Tomorrow I’ll be making good on my promise at the same time I let go of the hair that feels so connected to my father. I’m nervous, excited, and proud, and I promise to post some before-and-after pictures on Friday, provided that I don’t become totally incapacitated by all of the food I’m planning to eat between now and then (with a birthday today & Thanksgiving tomorrow, let’s hope I can even fit into my pants on Friday!)
I’m wishing all of you very festive and delicious Thanksgivings, full of people you love and lots of linger-worthy moments.
KAREN’S MEXICAN RICE & “GRAD SCHOOL” BLACK BEANS
Rebecca’s mama made the world’s best home-cooked Mexican rice, and she generously passed on her secret to me through her daughter: 1 ¾ cups liquid for every 1 cup of rice. Her ratio yields flavorful rice with the ideal texture and every time I make it (which is often), I picture her in my kitchen, proud that I’m working her recipe.

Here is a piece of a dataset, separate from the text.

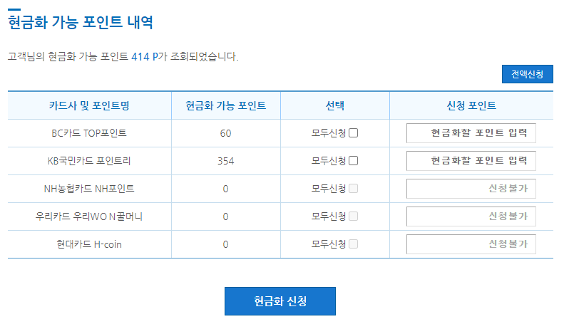 간단한 본인인증을 거치면 여러분이 사용하고 있는 카드사의 포인트가 전부 나옵니다. 현금화 하기위해서는 현금화할 포인트 입력하시고 전액신청 하시면 포인트가 여러분 통장으로 들어 갑니다.
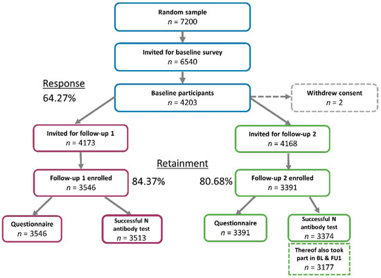 Among the 4203 participants enrolled at BL, 3546 participated in FU1 (November 2020; 84.1%) and 3391 in FU2 (April 2021; 80.4%). Overall 3196 participants took part in all BL, FU1 and FU2, resulting in a full participation ratio of 76.0%. (Figure 1 and Figure 2).

This rice makes an excellent accompaniment to so many things, but my favorite pairing is with a big pot of simple, vegetable-laced black beans. “Grad school food,” I call it, given how cheap it is to make, while at the same time being comforting and tasty. Feel free to swap in or out other vegetables such as chayote, fresh spinach, mushrooms, etc.
KAREN’S MEXICAN RICE
1 cup long-grain rice
1 ¾ cups vegetable or chicken broth
2 cloves garlic, thinly sliced
3 medium ripe tomatoes, diced or 1 can diced tomatoes, drained
1 T cumin
½ T chili powder
optional: sliced onion
In a large skillet with a fitted lid, sauté the garlic (plus onion, if you’re using it) in a few tablespoons of vegetable oil over medium heat. After two minutes, up the heat to medium-high and add the rice, toasting in the oil until the rice begins to brown and become fragrant, about 5 minutes.
Pour in the chicken or vegetable broth, then stir in the spices. Cover the mixture with the lid and allow it to come to a boil. Once the mixture boils, dial back he heat to medium-low, stirring periodically until the liquid is nearly gone and the rice is fully cooked.
Toss in the tomatoes and check the rice for salt, seasoning to your liking before serving hot.
“GRAD SCHOOL” BLACK BEANS
2 cans black beans, fully or partially drained*
1 can corn (or 2 ears’ worth of fresh corn, off the cob)
2 carrots, peeled & sliced ½-inch thick
1 red bell pepper, seeded & diced
1 ½ T cumin
1 T garlic powder
1 tsp. salt
optional: ½ or a whole jalapeño, minced
potential garnishes: grated cheese, sour cream, cilantro, salsa, raw onion, shredded cabbage
In a medium-sized saucepan over medium heat, sauté the bell peppers (jalapeño, if you’re using it) and carrots in a bit of vegetable oil until soft. Add the black beans, corn, & spices, then mix well.
Cover and turn down the heat to low. After 10-12 minutes, the beans should be heated through. Check for salt, then serve over rice.
*If you want drier beans, drain all the way. For a soupier effect, drain only one of the two cans.